Renowned historian John Wood Sweet's The Sewing Girl's Tale presents a riveting Revolutionary Era drama of the first published rape trial in American history and its long, shattering aftermath, revealing how much has changed over two centuries--and how much has not.

On a moonless night in the summer of 1793 a crime was committed in the back room of a New York brothel--the kind of crime that even victims usually kept secret. Instead, seventeen-year-old seamstress Lanah Sawyer did what virtually no one in US history had done before: she charged a gentleman with rape.

Her accusation sparked a raw courtroom drama and a relentless struggle for vindication that threatened both Lanah's and her assailant's lives. The trial exposed a predatory sexual underworld, sparked riots in the streets, and ignited a vigorous debate about class privilege and sexual double standards. The ongoing conflict attracted the nation's top lawyers, including Alexander Hamilton, and shaped the development of American law. The crime and its consequences became a kind of parable about the power of seduction and the limits of justice. Eventually, Lanah Sawyer did succeed in holding her assailant accountable--but at a terrible cost to herself.

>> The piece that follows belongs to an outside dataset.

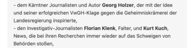 „für die schikanöse Behandlung einer Journalisten-Anfrage, inklusive Androhung einer Mutwilligkeitsstrafe und Inserate-Entzug“

Based on rigorous historical detective work, this book takes us from a chance encounter in the street into the sanctuaries of the city's elite, the shadows of its brothels, and the despair of its debtors' prison. The Sewing Girl's Tale shows that if our laws and our culture were changed by a persistent young woman and the power of words two hundred years ago, they can be changed again.

Includes photographs

Published Reviews
Booklist Review: "Sweet (Bodies Politic, 2003) unravels the politics, social history, and trial surrounding the rape of Lanah Sawyer. The 17-year-old seamstress met Harry Bedlow, a man nearly 10 years her senior widely known around New York City as a rake, in the summer of 1793. After being sexually assaulted in a back room of a brothel, Lanah did something that very few women in Revolutionary-era America did: she brought Bedlow to trial. The ensuing trial and not-guilty verdict rocked the city, leading to everything from Lanah's stepfather filing additional lawsuits to riots in the city, where protesters tore down the site of the assault. The history of Manhattan, Revolutionary-era politics, class differences, and the social history of sex, marriage, and assault in the times bolster the tale, creating an incredibly immersive, highly readable exploration of an important moment in American history, perfect for readers of true crime, history, women's history, and narrative nonfiction alike."
From Booklist, Copyright (c) American Library Association. Used with permission.
Publisher's Weekly Review: "The story behind the 1793 rape trial of Harry Bedlow, the scion of two "prosperous, old Dutch families" in New York City, is untangled in this immersive chronicle. Sweet (Bodies Politic), history professor at the University of North Carolina, details how 26-year-old Bedlow, who had a reputation as a "very great rake," lied about his identity to 17-year-old seamstress Lanah Sawyer before abducting and assaulting her in a "bawdy house." Lanah struggled to convince her family about the truth of her ordeal, yet Bedlow was eventually charged with rape and brought to trial, where prosecutors cast him "as a symbol of the debauchery and luxury of an aristocratic order overthrown by the revolution, and Lanah Sawyer and her peers--hardworking, modest, and unpretentious--as the true representatives of republican virtue." The jury acquitted Bedlow of the crime, and even though Lanah's stepfather eventually won a "seduction lawsuit" against him, collecting the settlement proved difficult. Embellishing the thin historical record with lengthy discussions about Revolutionary era politics, contemporaneous romance novels, the development of Manhattan, Alexander Hamilton's alleged affair with Maria Reynolds, and other matters, Sweet paints an evocative portrait of 18th-century New York. The result is a vivid addition to the history of sexual politics in America. (July)"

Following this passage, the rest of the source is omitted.